I first saw blooming cherry blossoms at the Cherry Blossom Festival in Seoul. Thousands of people had gathered to take pictures and have picnics under the beautiful flowering trees. Koreans love the blossoms so much that they often time their vacations to overlap with the blooming season. They will then travel very far just to see their favorite cherry blossom viewing location. For many Koreans, the tree symbolizes renewed hope for the future or the power of beauty. For many students, however, the cherry blossom season marks the coming of mid-term examinations and sleepless nights of preparatory studying.
My first thought as I went to the festival was how troublesome it might be trying to swim through a sea of so many people! The subway station closest to the festival park was very crowded, but luckily, my friends and I had walked from a different station and were able to avoid the majority of people. We found a nice spot on a grassy hill to sit down and enjoy some fruit I had packed.
On the hillside, we could look out over the Han River, the Korean National Assembly Building and the hundreds of cherry blossom trees decorating the waterfront.
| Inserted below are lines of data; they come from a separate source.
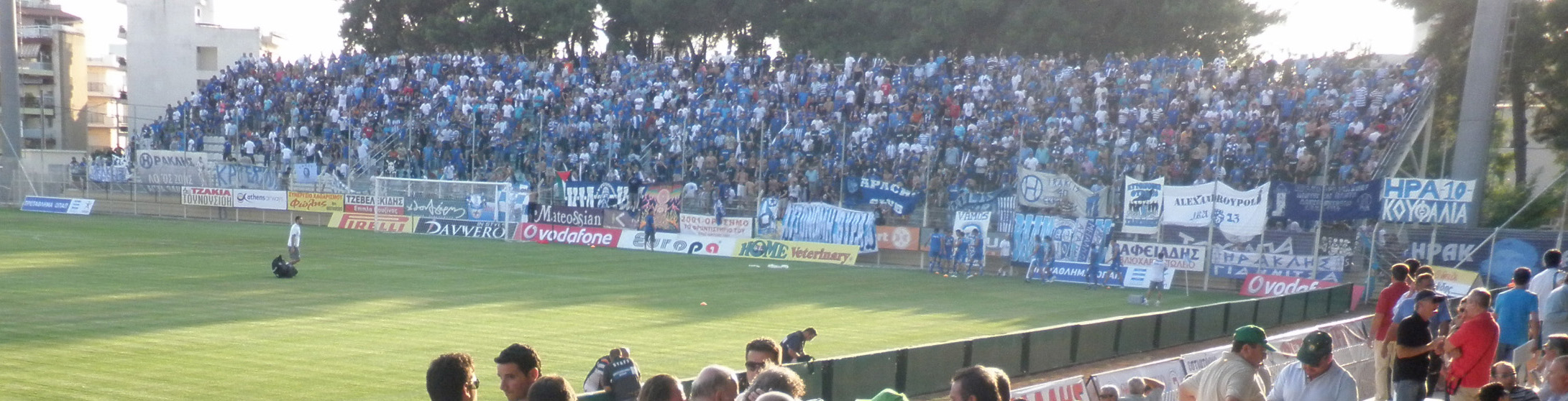 Supporters of Iraklis in an away match against Panthrakikos in the opening matchday of the 2009–10 Superleague season on 23 August 2009.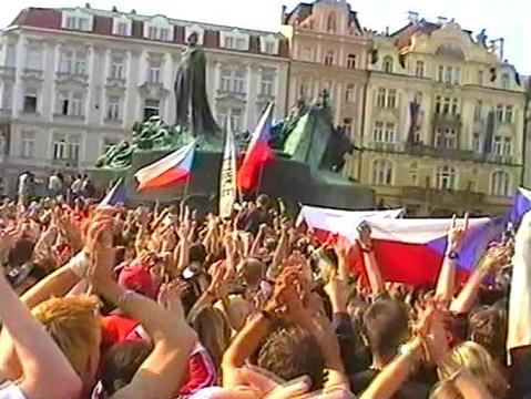 Arrival of the ice hockey world champions - Prague, Old Town Square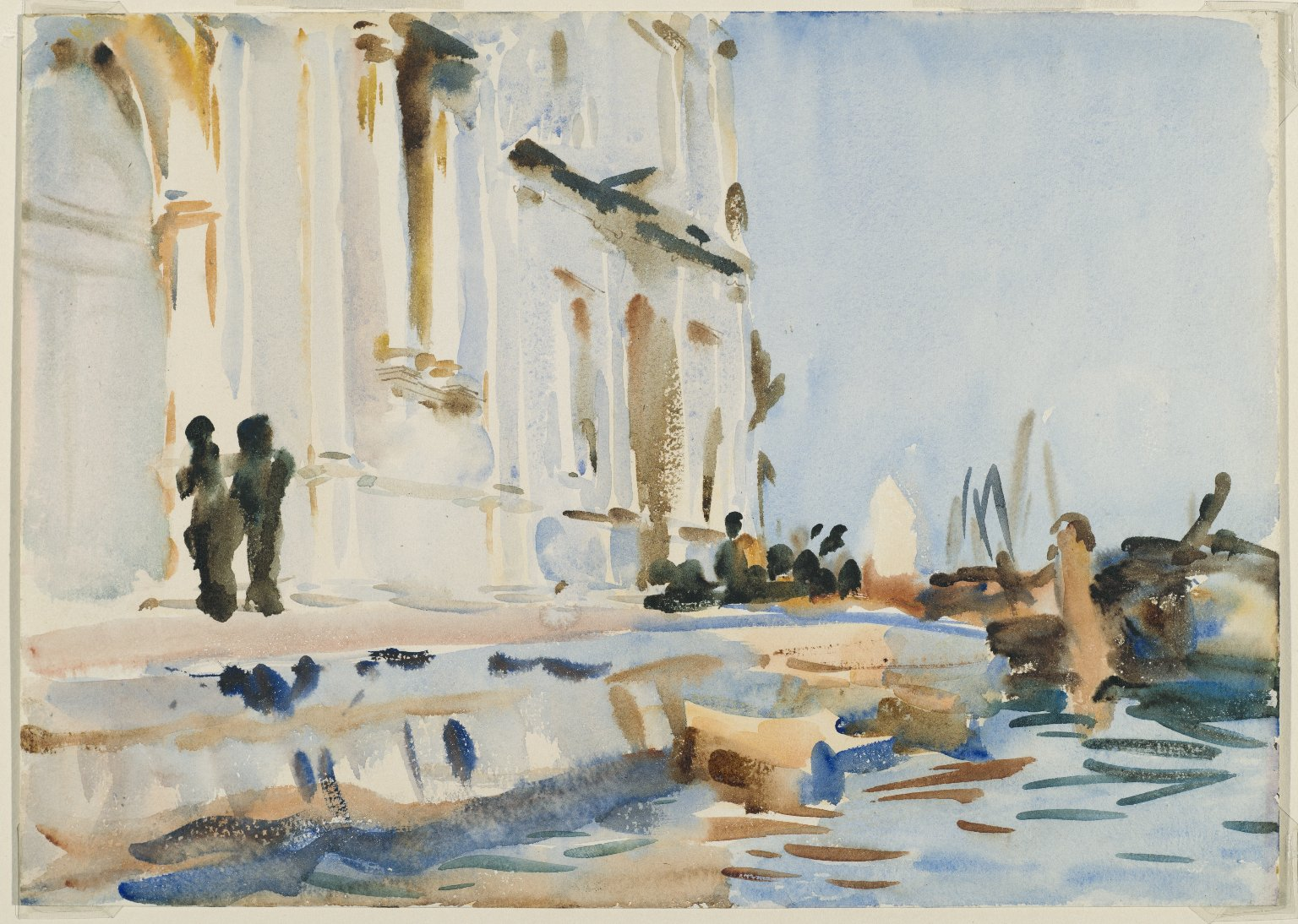 Church and school of Santo Spirito, Zattere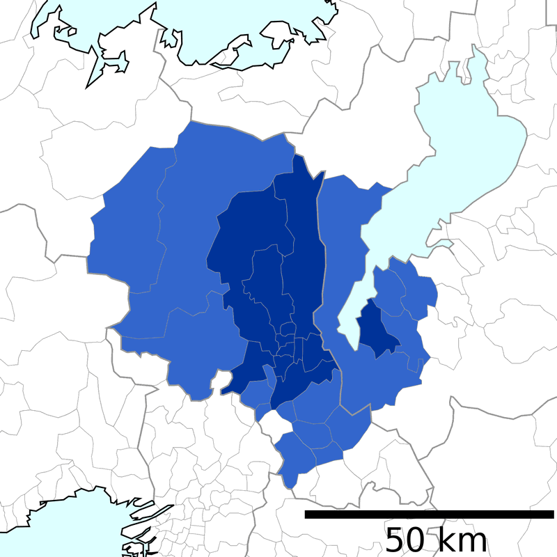 Urban Employment Area of Kyoto in 2015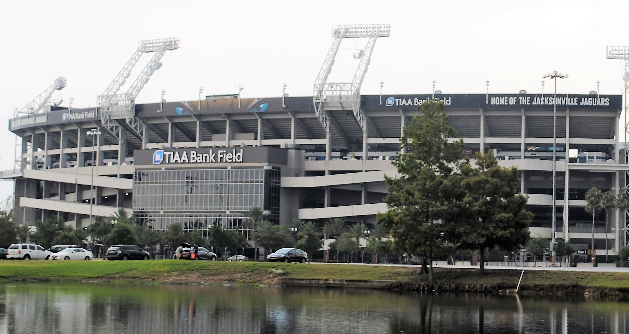 TIAA Bank Field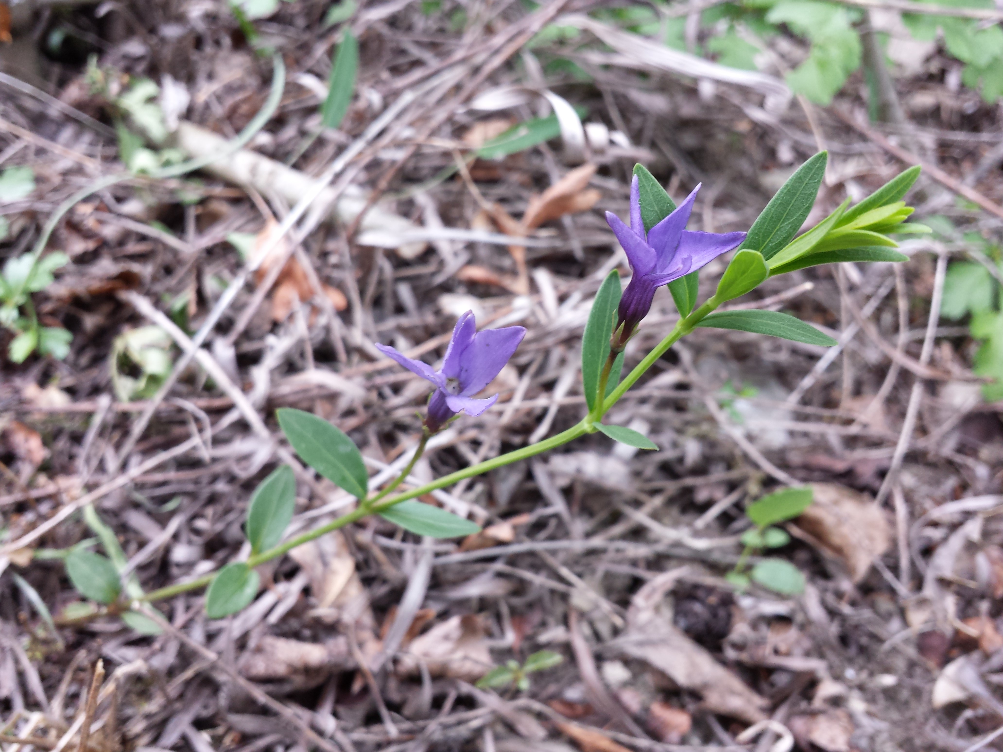 Habitus Taxon: Vinca herbacea (sensu Fischer et al. EfÖLS 2008 ISBN 978-3-85474-187-9) Location: Bisamberg, district Korneuburg, Lower Austria - ca. 300 m a.s.l. Habitat: rocky way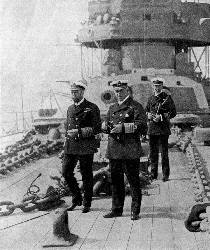 King George V (left) and Admiral Callaghan onboard British battleship HMS Neptune. In the background is "A" turret with 2 12-inch Mk XI guns.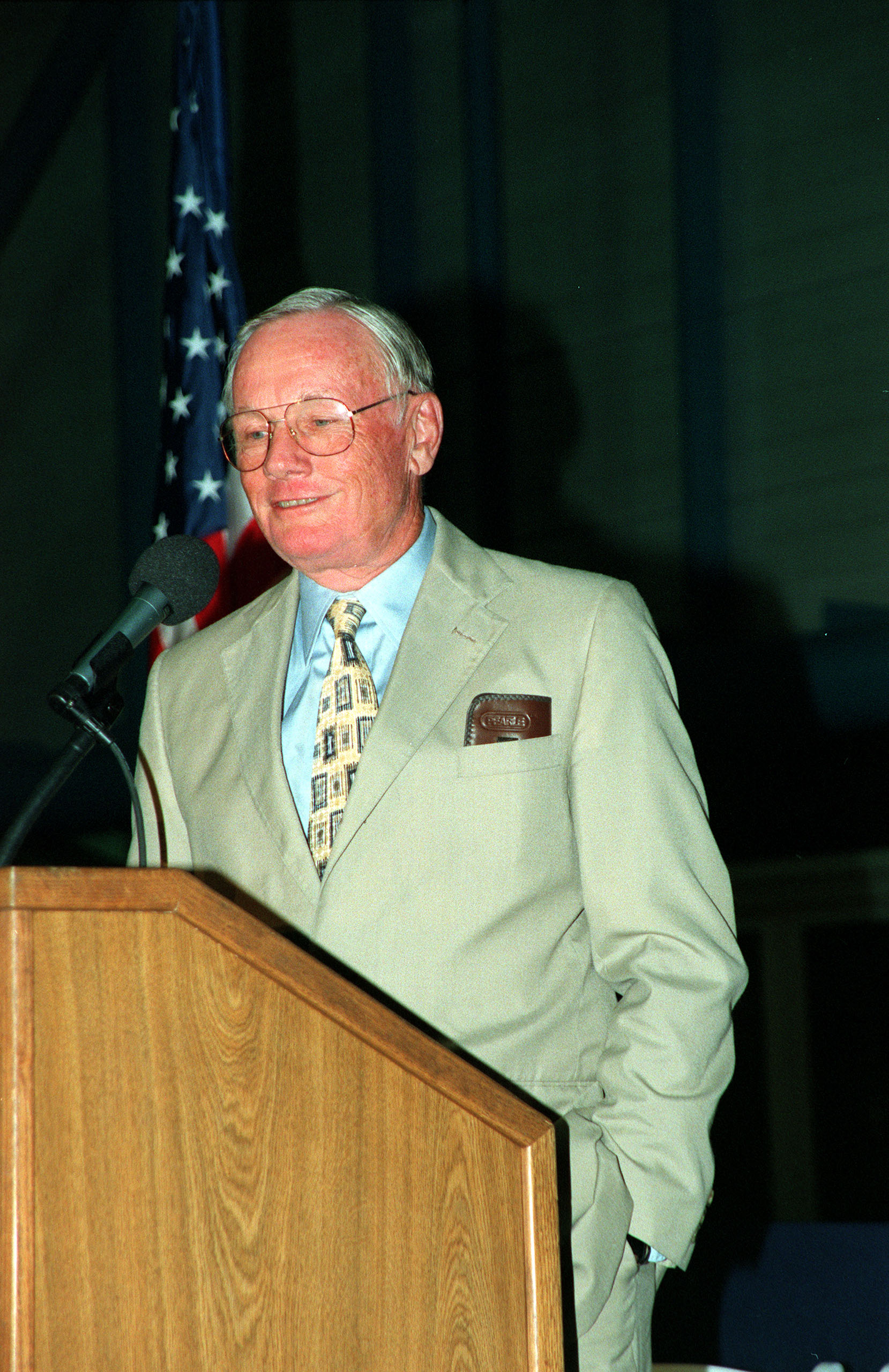 Neil Armstrong, former astronaut, commander of Apollo 11, and first man to walk on the moon, talks about his experiences for an enthusiastic audience at the Apollo/Saturn V Center, part of the John F. Kennedy Space Center Visitor Complex. The occasion was a banquet celebrating the 30th anniversary of the Apollo 11 launch and moon landing, July 16 and July 20, 1969. Among other guests at the banquet were astronauts Wally Schirra, Edwin "Buzz" Aldrin and Walt Cunningham.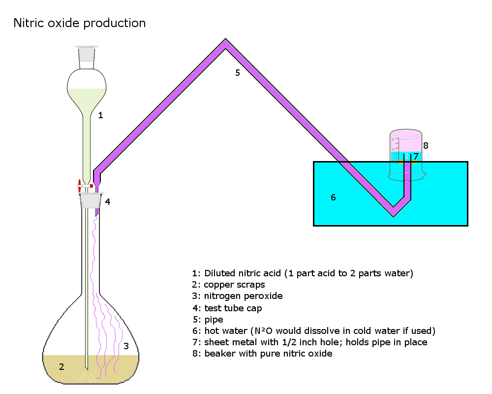 A schematic showing the (laboratory) production of nitrous oxide (not NITRIC OXIDE). The setup was made based on an image of the 1949 Popular Mechanics article by Kenneth M. Swezey (titled: The gas that makes you laugh). Images from were used to make this image.

Sitting there in the sunshine with my good friends, eating yummy fruit and watching children fly kites nearby made me feel so peaceful and relaxed. I could have sat there for hours just chatting and watching the people walk by. That was when I felt that spring had finally come to Korea!
Where does it live?
When people think of cherry blossoms, they usually think of Japan. There have been so many movies, paintings[A3] and pictures of Japanese gardens filled with cherry blossoms that many people think they only come from Japan. Where the trees first came from is still argued by many scientists, but they do know it was one of two places. The first is, of course, Japan, but the second is quite a surprise for many people. The second original home of the cherry blossom is the little island of Jeju. If you look at the map of Asia, you will see a little island just south of the Korean peninsula and just west of the Japanese city of Nagasaki. That little jellybean-shaped island is the “paradise” of Korea and is called Jeju Island. It has much warmer weather than the rest of Korea and many tourists flock there to enjoy the clean beaches, beautiful mountains and exceptional displays of cherry blossoms.
Even though these trees are originally from Korea and Japan, they have traveled very far. In 1912, Japan gave over 3000 cherry blossom trees to the United States as a sign of the growing friendship between the countries. You can still see these trees blooming in Manhattan and Washington D.C. Have you seen them around New York City? Similar gifts to other countries and individuals have taken the trees to Australia, Brazil, Canada, China, Germany, The Netherlands and the United Kingdom.
How does it use its environment to survive?
Like most other plants, the cherry blossom tree absorbs water and nutrients from the soil beneath it. It also needs lots of sunlight and carbon dioxide so it can capture the sun’s energy and make food for itself. Have you heard about how plants make their own food? It is a very interesting process called photosynthesis. Maybe you can do independent research on this process!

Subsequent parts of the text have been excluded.